## Exercise materials
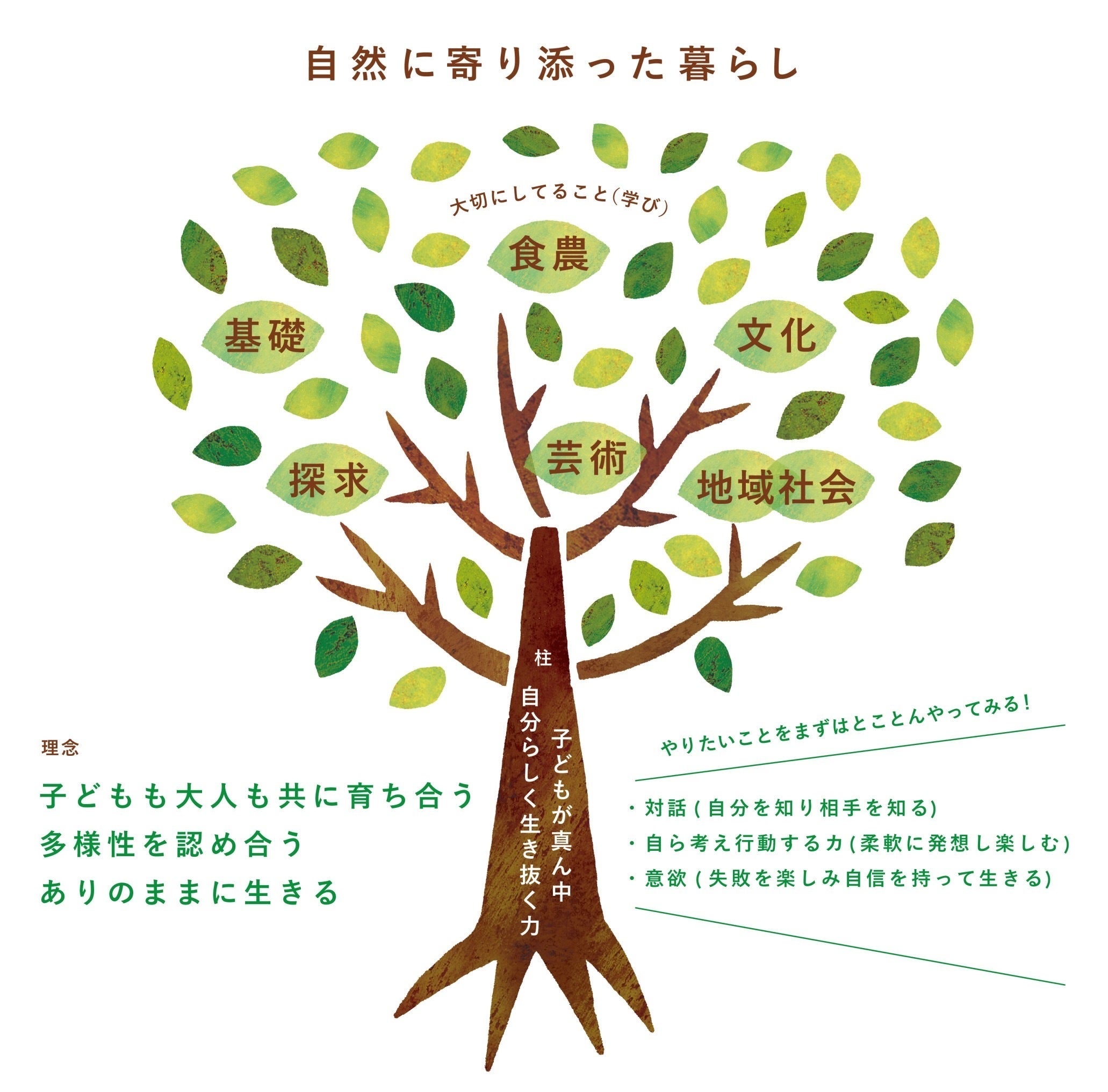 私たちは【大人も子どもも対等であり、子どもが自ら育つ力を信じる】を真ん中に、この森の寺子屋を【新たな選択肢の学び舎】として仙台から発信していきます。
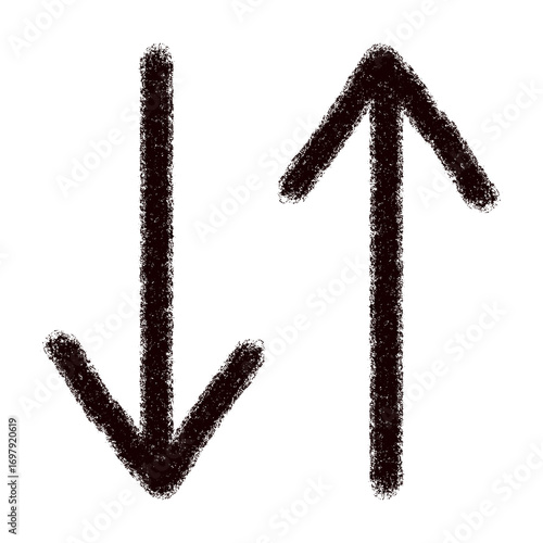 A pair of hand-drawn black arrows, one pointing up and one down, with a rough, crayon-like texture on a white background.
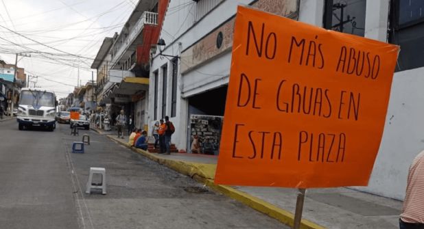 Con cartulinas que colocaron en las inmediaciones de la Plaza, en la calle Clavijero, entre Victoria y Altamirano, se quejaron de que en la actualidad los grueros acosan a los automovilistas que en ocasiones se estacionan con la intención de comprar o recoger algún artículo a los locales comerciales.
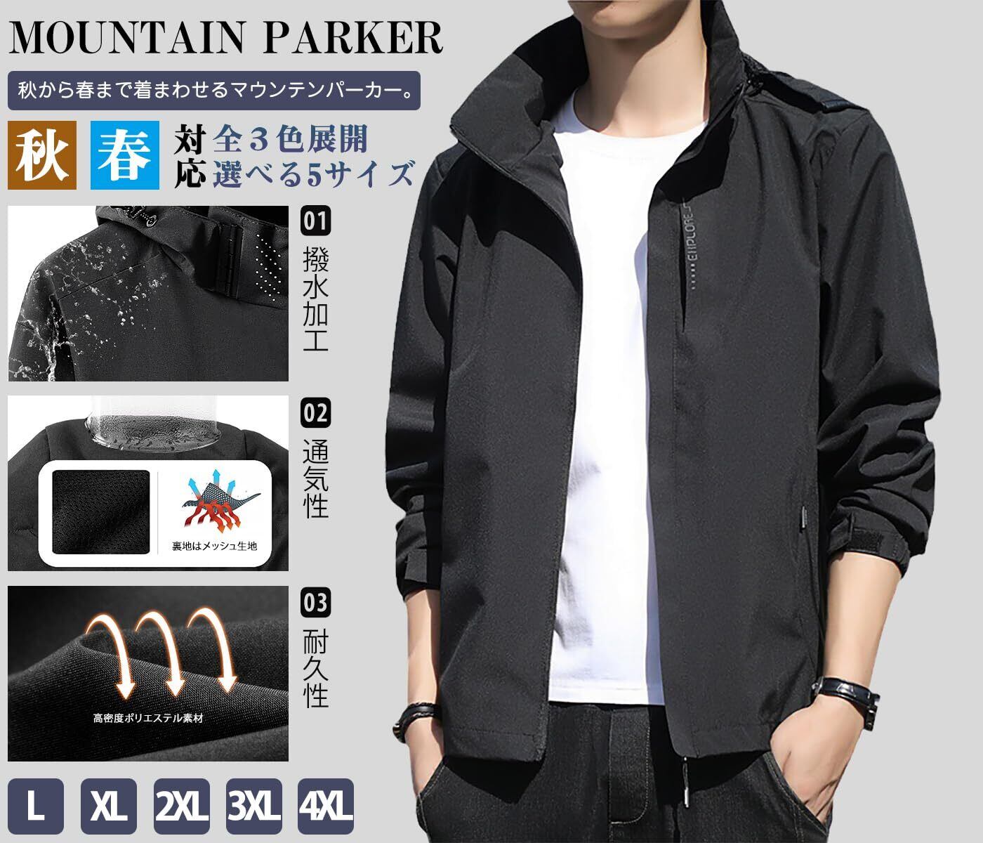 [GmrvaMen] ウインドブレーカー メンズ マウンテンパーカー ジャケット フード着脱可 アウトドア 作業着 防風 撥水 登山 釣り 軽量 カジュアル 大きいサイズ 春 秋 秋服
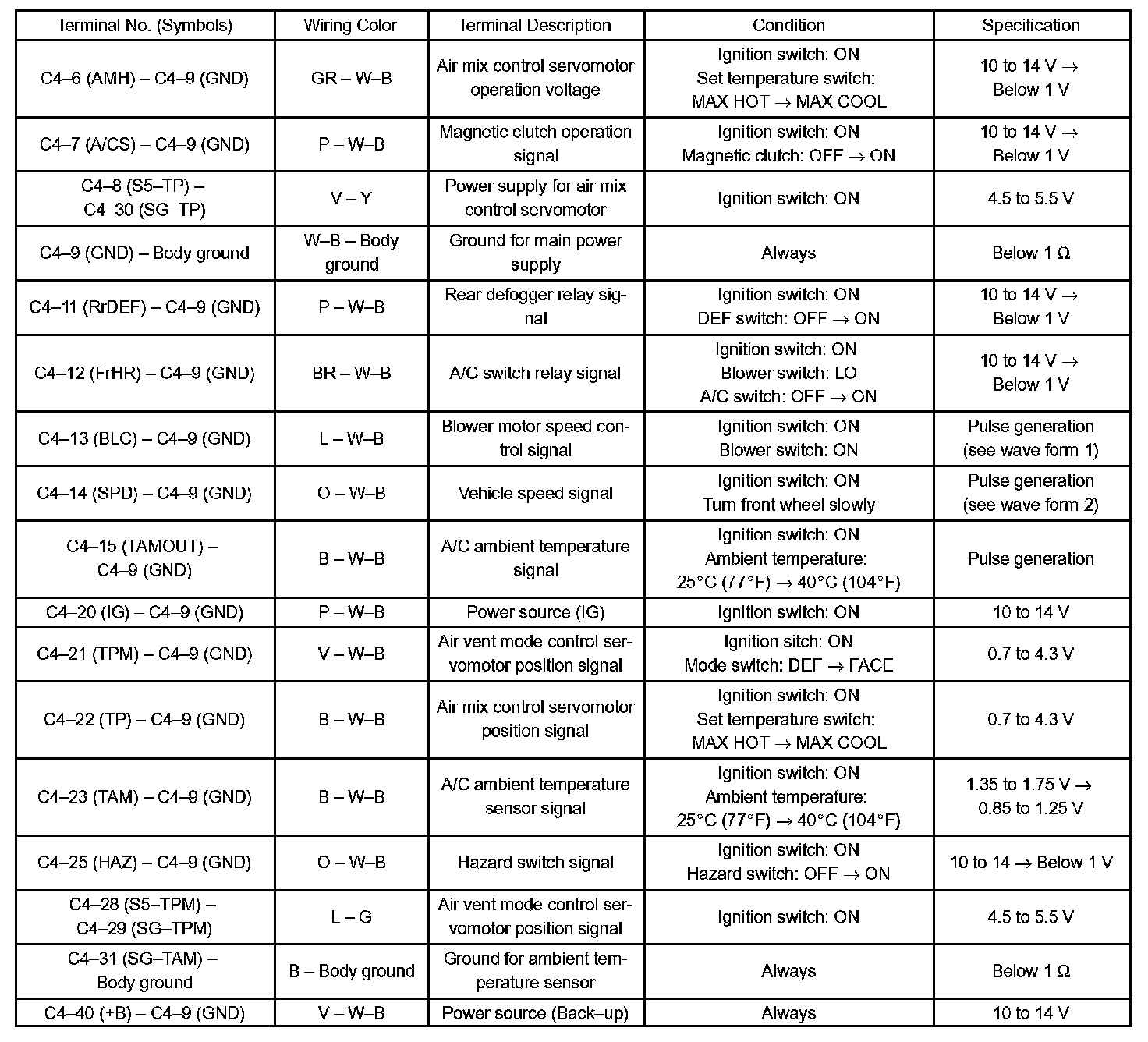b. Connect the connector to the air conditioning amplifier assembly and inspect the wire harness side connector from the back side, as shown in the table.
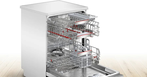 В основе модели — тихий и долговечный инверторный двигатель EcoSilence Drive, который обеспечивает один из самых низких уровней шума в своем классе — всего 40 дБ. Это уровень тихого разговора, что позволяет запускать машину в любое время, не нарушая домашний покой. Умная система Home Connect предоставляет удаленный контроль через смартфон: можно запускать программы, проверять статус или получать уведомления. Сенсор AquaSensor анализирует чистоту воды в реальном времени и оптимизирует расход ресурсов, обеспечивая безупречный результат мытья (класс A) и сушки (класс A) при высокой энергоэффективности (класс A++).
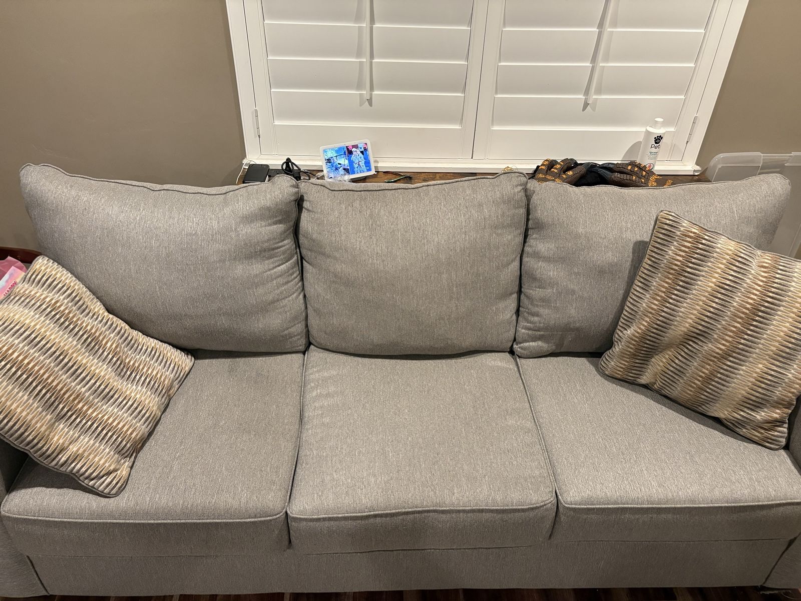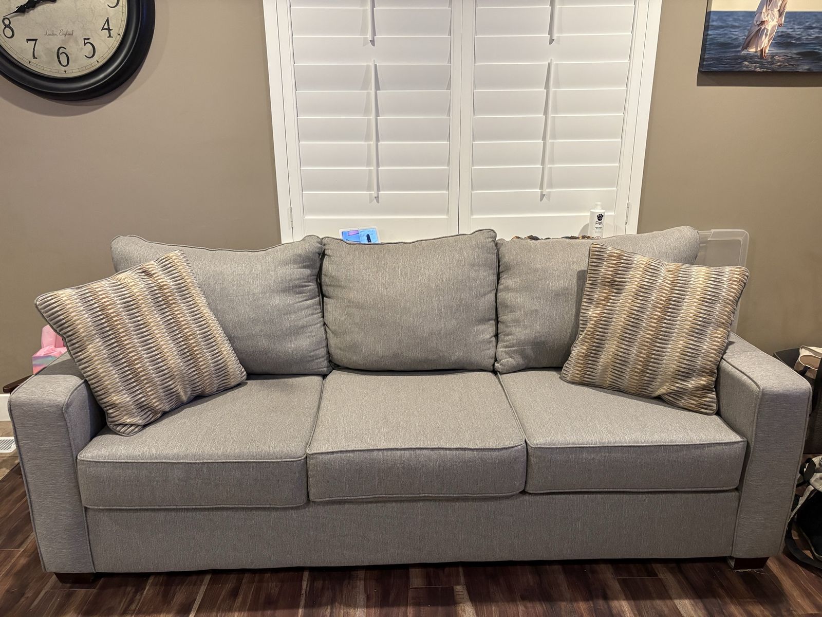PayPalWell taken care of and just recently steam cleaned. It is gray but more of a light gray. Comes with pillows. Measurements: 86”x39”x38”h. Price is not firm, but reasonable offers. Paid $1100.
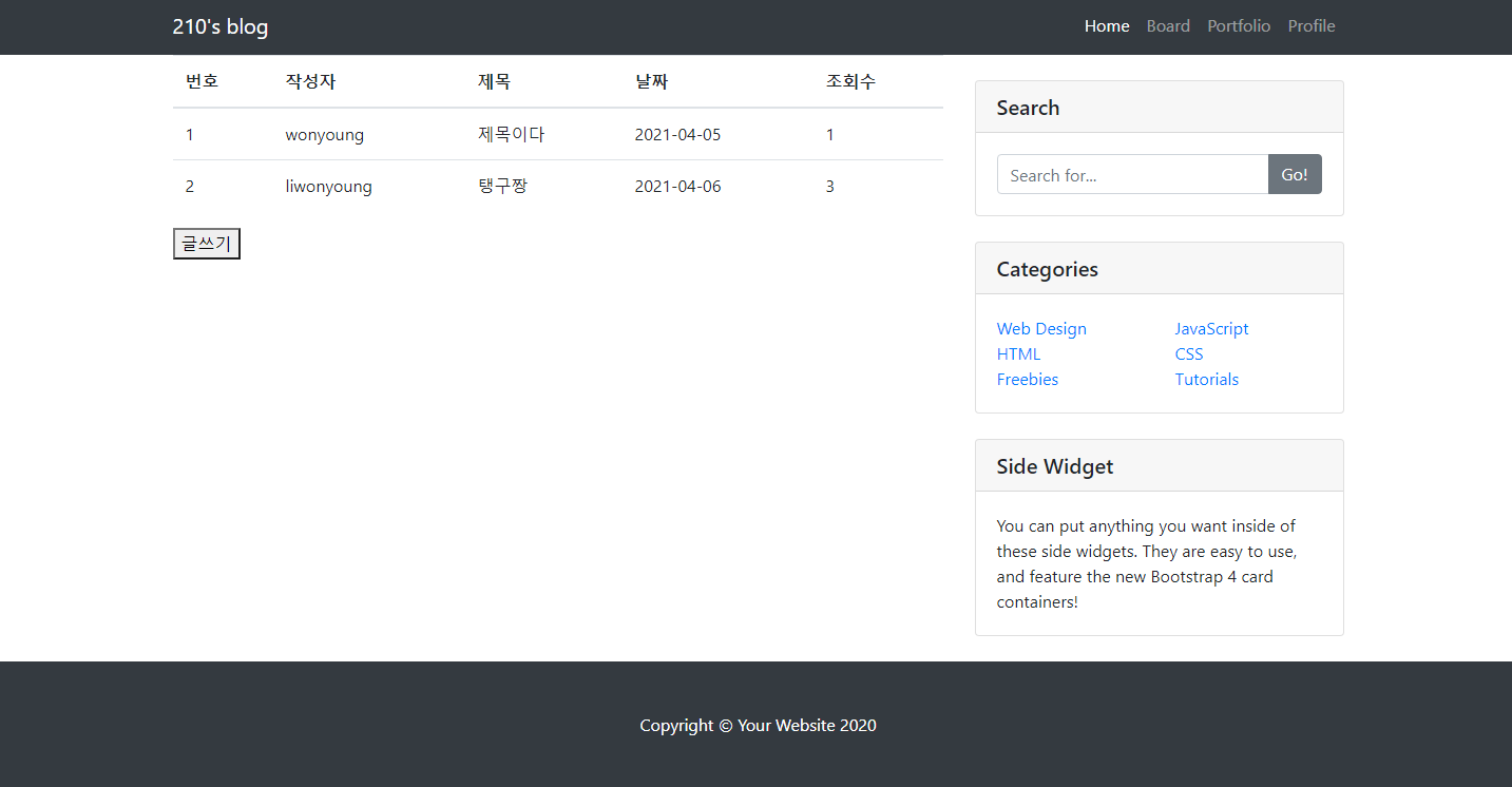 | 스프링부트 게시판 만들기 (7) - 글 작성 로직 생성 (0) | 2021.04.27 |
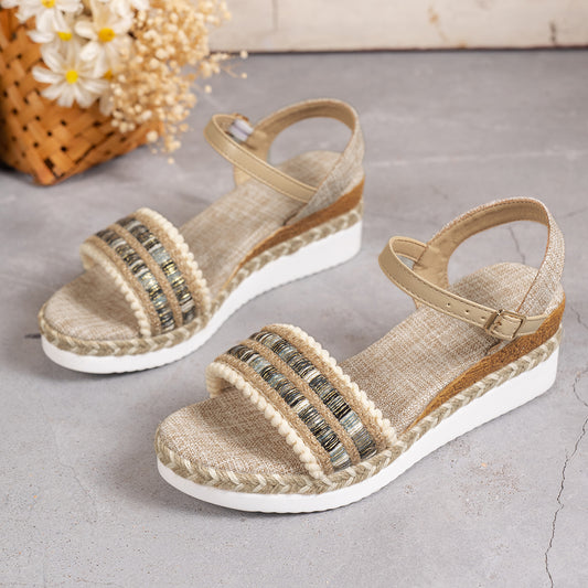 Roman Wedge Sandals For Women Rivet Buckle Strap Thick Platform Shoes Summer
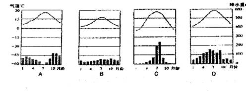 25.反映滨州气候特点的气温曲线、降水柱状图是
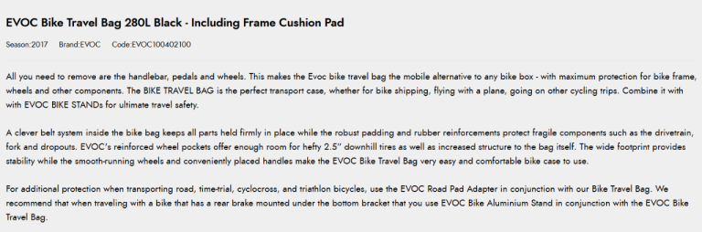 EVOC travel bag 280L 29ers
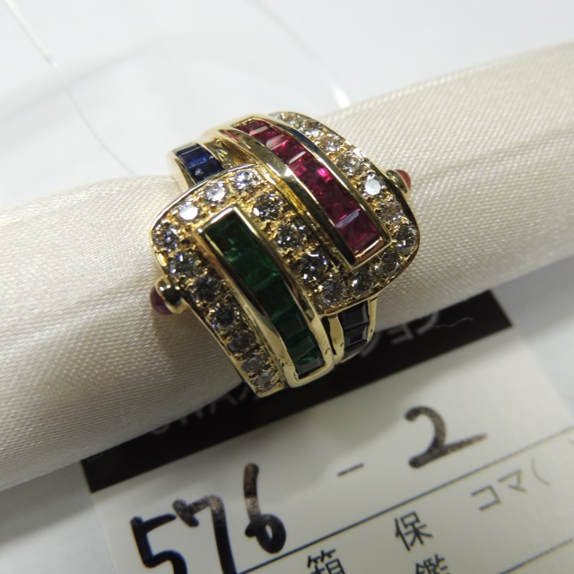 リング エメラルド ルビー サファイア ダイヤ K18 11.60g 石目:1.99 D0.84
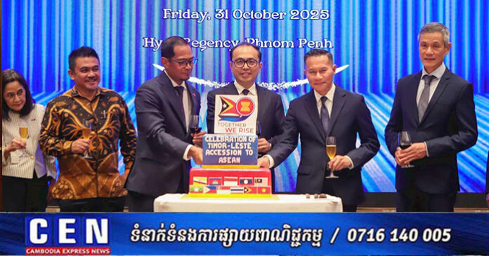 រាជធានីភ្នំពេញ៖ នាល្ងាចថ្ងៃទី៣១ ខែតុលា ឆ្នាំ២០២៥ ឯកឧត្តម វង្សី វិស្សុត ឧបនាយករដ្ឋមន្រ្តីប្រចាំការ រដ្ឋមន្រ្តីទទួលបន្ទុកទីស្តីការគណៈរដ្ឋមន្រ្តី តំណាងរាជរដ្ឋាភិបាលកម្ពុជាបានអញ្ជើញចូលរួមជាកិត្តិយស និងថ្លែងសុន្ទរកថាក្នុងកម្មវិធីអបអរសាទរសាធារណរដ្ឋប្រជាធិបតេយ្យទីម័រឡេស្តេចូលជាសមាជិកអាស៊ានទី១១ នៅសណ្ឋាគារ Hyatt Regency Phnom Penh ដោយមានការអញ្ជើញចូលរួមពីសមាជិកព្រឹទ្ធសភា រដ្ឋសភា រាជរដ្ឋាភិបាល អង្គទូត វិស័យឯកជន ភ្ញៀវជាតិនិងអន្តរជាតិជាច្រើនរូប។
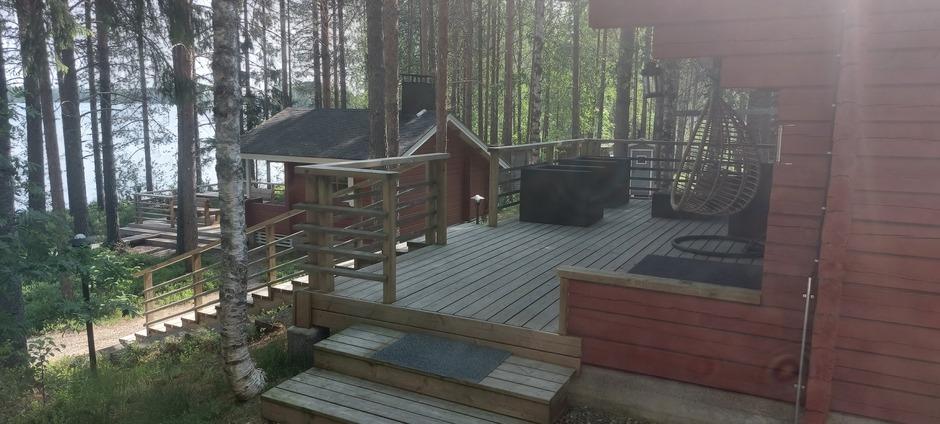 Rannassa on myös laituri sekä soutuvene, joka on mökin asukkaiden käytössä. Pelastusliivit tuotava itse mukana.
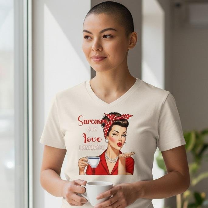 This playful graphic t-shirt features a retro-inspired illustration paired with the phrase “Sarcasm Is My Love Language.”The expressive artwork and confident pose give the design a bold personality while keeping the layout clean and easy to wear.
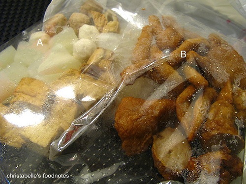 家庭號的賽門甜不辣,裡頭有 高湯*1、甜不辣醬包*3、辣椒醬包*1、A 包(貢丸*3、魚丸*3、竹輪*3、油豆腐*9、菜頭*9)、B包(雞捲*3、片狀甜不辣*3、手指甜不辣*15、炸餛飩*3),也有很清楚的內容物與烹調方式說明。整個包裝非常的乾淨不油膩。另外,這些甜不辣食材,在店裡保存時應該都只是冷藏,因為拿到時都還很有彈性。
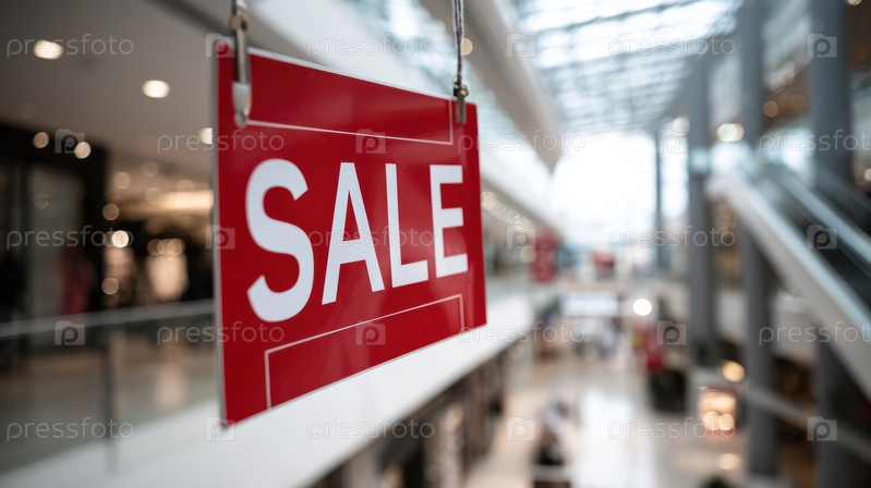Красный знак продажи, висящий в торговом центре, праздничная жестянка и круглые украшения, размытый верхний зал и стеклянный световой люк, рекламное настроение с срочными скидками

## Task description
Exact copy, no pictures: return the entries word for word.

## Completed exercise
 私たちは【大人も子どもも対等であり、子どもが自ら育つ力を信じる】を真ん中に、この森の寺子屋を【新たな選択肢の学び舎】として仙台から発信していきます。
 A pair of hand-drawn black arrows, one pointing up and one down, with a rough, crayon-like texture on a white background.
 Con cartulinas que colocaron en las inmediaciones de la Plaza, en la calle Clavijero, entre Victoria y Altamirano, se quejaron de que en la actualidad los grueros acosan a los automovilistas que en ocasiones se estacionan con la intención de comprar o recoger algún artículo a los locales comerciales.
 [GmrvaMen] ウインドブレーカー メンズ マウンテンパーカー ジャケット フード着脱可 アウトドア 作業着 防風 撥水 登山 釣り 軽量 カジュアル 大きいサイズ 春 秋 秋服
b. Connect the connector to the air conditioning amplifier assembly and inspect the wire harness side connector from the back side, as shown in the table.
 В основе модели — тихий и долговечный инверторный двигатель EcoSilence Drive, который обеспечивает один из самых низких уровней шума в своем классе — всего 40 дБ. Это уровень тихого разговора, что позволяет запускать машину в любое время, не нарушая домашний покой. Умная система Home Connect предоставляет удаленный контроль через смартфон: можно запускать программы, проверять статус или получать уведомления. Сенсор AquaSensor анализирует чистоту воды в реальном времени и оптимизирует расход ресурсов, обеспечивая безупречный результат мытья (класс A) и сушки (класс A) при высокой энергоэффективности (класс A++).
PayPalWell taken care of and just recently steam cleaned. It is gray but more of a light gray. Comes with pillows. Measurements: 86”x39”x38”h. Price is not firm, but reasonable offers. Paid $1100.
 | 스프링부트 게시판 만들기 (7) - 글 작성 로직 생성 (0) | 2021.04.27 |
 Roman Wedge Sandals For Women Rivet Buckle Strap Thick Platform Shoes Summer
 25.反映滨州气候特点的气温曲线、降水柱状图是
 EVOC travel bag 280L 29ers
 リング エメラルド ルビー サファイア ダイヤ K18 11.60g 石目:1.99 D0.84
 រាជធានីភ្នំពេញ៖ នាល្ងាចថ្ងៃទី៣១ ខែតុលា ឆ្នាំ២០២៥ ឯកឧត្តម វង្សី វិស្សុត ឧបនាយករដ្ឋមន្រ្តីប្រចាំការ រដ្ឋមន្រ្តីទទួលបន្ទុកទីស្តីការគណៈរដ្ឋមន្រ្តី តំណាងរាជរដ្ឋាភិបាលកម្ពុជាបានអញ្ជើញចូលរួមជាកិត្តិយស និងថ្លែងសុន្ទរកថាក្នុងកម្មវិធីអបអរសាទរសាធារណរដ្ឋប្រជាធិបតេយ្យទីម័រឡេស្តេចូលជាសមាជិកអាស៊ានទី១១ នៅសណ្ឋាគារ Hyatt Regency Phnom Penh ដោយមានការអញ្ជើញចូលរួមពីសមាជិកព្រឹទ្ធសភា រដ្ឋសភា រាជរដ្ឋាភិបាល អង្គទូត វិស័យឯកជន ភ្ញៀវជាតិនិងអន្តរជាតិជាច្រើនរូប។
 Rannassa on myös laituri sekä soutuvene, joka on mökin asukkaiden käytössä. Pelastusliivit tuotava itse mukana.
 This playful graphic t-shirt features a retro-inspired illustration paired with the phrase “Sarcasm Is My Love Language.”The expressive artwork and confident pose give the design a bold personality while keeping the layout clean and easy to wear.
 家庭號的賽門甜不辣,裡頭有 高湯*1、甜不辣醬包*3、辣椒醬包*1、A 包(貢丸*3、魚丸*3、竹輪*3、油豆腐*9、菜頭*9)、B包(雞捲*3、片狀甜不辣*3、手指甜不辣*15、炸餛飩*3),也有很清楚的內容物與烹調方式說明。整個包裝非常的乾淨不油膩。另外,這些甜不辣食材,在店裡保存時應該都只是冷藏,因為拿到時都還很有彈性。
Красный знак продажи, висящий в торговом центре, праздничная жестянка и круглые украшения, размытый верхний зал и стеклянный световой люк, рекламное настроение с срочными скидками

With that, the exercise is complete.